Here is the .gitlab-ci.yml
:
variables:
DOCKER_DRIVER: overlay2
pre-calibration:
script:
- pwd
- df -h
- ls -al /ramdisk
- time dd if=/dev/zero of=/ramdisk/1G.dat bs=1G count=1 oflag=dsync
- time cp /ramdisk/1G.dat /ramdisk/1G_copy.dat
tags:
- pre-calibration
Below you can see in the job ouptput that the write speed from /dev/zero
to /ramdisk
, which is also shown as a tmpfs
mount and also from /ramdisk
to /ramdisk
via cp
is around 60MB/s which is more or less the hard disk drive speed, nothing close to what the RAM would do.
$ pwd
/builds/tgal/pre-calibration-runner
$ df -h
Filesystem Size Used Avail Use% Mounted on
overlay 394G 301G 76G 80% /
tmpfs 64M 0 64M 0% /dev
tmpfs 252G 0 252G 0% /sys/fs/cgroup
shm 64M 0 64M 0% /dev/shm
/dev/mapper/ubuntu--vg-ubuntu--lv 394G 301G 76G 80% /builds
tmpfs 252G 0 252G 0% /ramdisk
tmpfs 51G 3.5M 51G 1% /run/docker.sock
$ ls -al /ramdisk
total 4
drwxrwxrwt 2 root root 40 Feb 27 12:41 .
drwxr-xr-x 1 root root 4096 Feb 27 12:41 ..
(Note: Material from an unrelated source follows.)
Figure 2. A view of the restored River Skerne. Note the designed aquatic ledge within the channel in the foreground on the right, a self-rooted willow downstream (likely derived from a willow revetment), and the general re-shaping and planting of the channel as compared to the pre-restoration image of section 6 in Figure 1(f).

$ time dd if=/dev/zero of=/ramdisk/1G.dat bs=1G count=1 oflag=dsync
1+0 records in
1+0 records out
1073741824 bytes (1.1 GB) copied, 17.512 s, 61.3 MB/s
real 0m17.559s
user 0m0.000s
sys 0m8.726s
$ time cp /ramdisk/1G.dat /ramdisk/1G_copy.dat
real 0m16.593s
user 0m0.021s
sys 0m7.147s
Cleaning up project directory and file based variables
00:01
Job succeeded
writing smaller files is faster, but it’s still five times slower than outside of the Docker context. Is this a Docker issue?
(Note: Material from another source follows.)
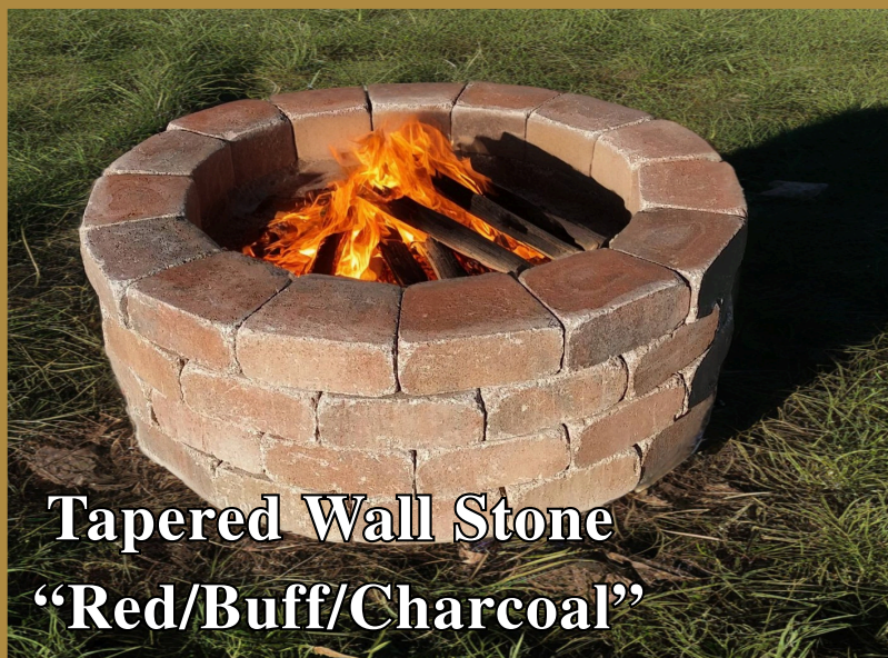
Tapered Wall Stone “Red/Buf/Charcoal”

This is what I get on the machine itself (no Docker):
# dd if=/dev/zero of=/ramdisk/test.img bs=1M count=4096
4096+0 records in
4096+0 records out
4294967296 bytes (4.3 GB, 4.0 GiB) copied, 1.90168 s, 2.3 GB/s
and here within the CI:
$ time dd if=/dev/zero of=/ramdisk/test.img bs=1M count=4096
76real 0m16.376s
77user 0m0.017s
78sys 0m7.580s
794096+0 records in
804096+0 records out
814294967296 bytes (4.3 GB) copied, 9.17098 s, 468 MB/s
I thought it might be a Docker issue but spinning up a container with /ramdisk
(tmpfs) mounted shows that the speed is fine:
root:/ramdisk# docker run -v /ramdisk:/ramdisk -it debian:buster
Unable to find image 'debian:buster' locally
buster: Pulling from library/debian
b2404786f3fe: Pull complete
Digest: sha256:233c3bbc892229c82da7231980d50adceba4db56a08c0b7053a4852782703459
Status: Downloaded newer image for debian:buster
root@90833333ba7f:/# time dd if=/dev/zero of=/ramdisk/test.img bs=1M count=4096
4096+0 records in
4096+0 records out
4294967296 bytes (4.3 GB, 4.0 GiB) copied, 2.03867 s, 2.1 GB/s
real 0m2.543s
user 0m0.000s
sys 0m2.539s
root@90833333ba7f:/# time dd if=/dev/zero of=/ramdisk/1G.dat bs=1G count=1 oflag=dsync
1+0 records in
1+0 records out
1073741824 bytes (1.1 GB, 1.0 GiB) copied, 1.21548 s, 883 MB/s
Has anyone any idea what’s going on? As far as I understood, the GitLab runner does more or less the same as I did in the last example so I don’t understand why there is such a huge difference in performance.
Can anyone who has successfully set up a tmpfs-speed-up check if they get better numbers?